The sundrenched scene looked straight out of a painting titled “Palisades in Autumn,” except for the line of Hudson River Museum leaders and area politicians wielding ceremonial shovels. They gathered outside the museum on Nov. 18 to celebrate the groundbreaking for the museum’s west wing addition, part of a $12.8 million capital improvement project slated for completion in mid-2022. Westchester County, the City of Yonkers, and New York State are funding the project.

The new wing, designed by the Manhattan architectural firm Archimuse, will be punctuated with windows that will allow visitors to commune with art and with the museum’s views of the Hudson River and the Palisades. 

The addition will also expand the museum’s total square footage to 52,000 square feet from the existing 40,000. It will include a tiered theater that will seat 100 people, plus about 4,800 square feet of new exhibition space, according to executive director Masha Turchinsky.
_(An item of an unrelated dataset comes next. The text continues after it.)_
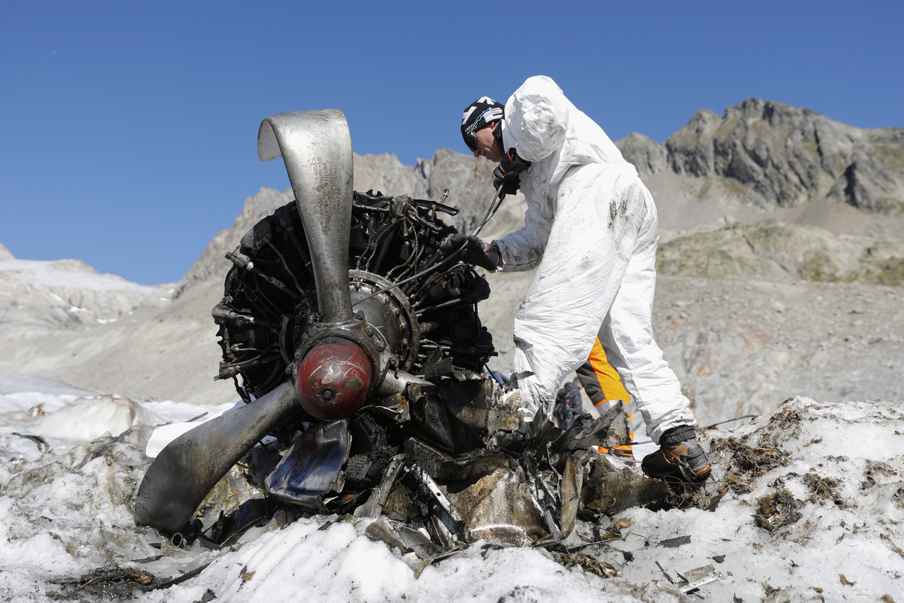 В результате таяния ледников в горах все чаще находят не только человеческие останки. Так, в 2018 году исчезнувший глетчер позволил обнаружить фрагменты и детали разбившегося американского военного самолета, совершившего 70 лет назад аварийную посадку в Альпах. «Мы нашли блок двигателя с пропеллером, части несущих плоскостей и множество мелких деталей, а также несколько одеял», — рассказал Фриц Тойшер (Fritz Teuscher), руководитель спасательной группы, занимавшейся извлечением обломков летательного аппарата. Кабина пилота, однако, все еще находится подо льдом, добраться до нее пока не удается.

This includes a new 3,400-square-foot special exhibitions gallery, an 800-square-foot sculpture court, and a 600-square-foot community gallery.

“With the addition of new dedicated exhibition galleries, the museum will be able to share more of its permanent collection in the existing galleries that are currently devoted to special exhibitions,” Turchinsky said on Nov. 17.

The museum has approximately 18,000 objects in its collection, including paintings, sculptures, works on paper, photographs, decorative arts, costumes, textiles, graphic design, historical objects, and ephemera. It also owns a collection of documentary photography and archival materials. 

“Until this point, the museum has only been able to share approximately 1 percent of the permanent collection at any given time,” Turchinsky said. With the new wing, “the museum will periodically rotate a selection of our collection, with new opportunities for partnerships and collaborations.”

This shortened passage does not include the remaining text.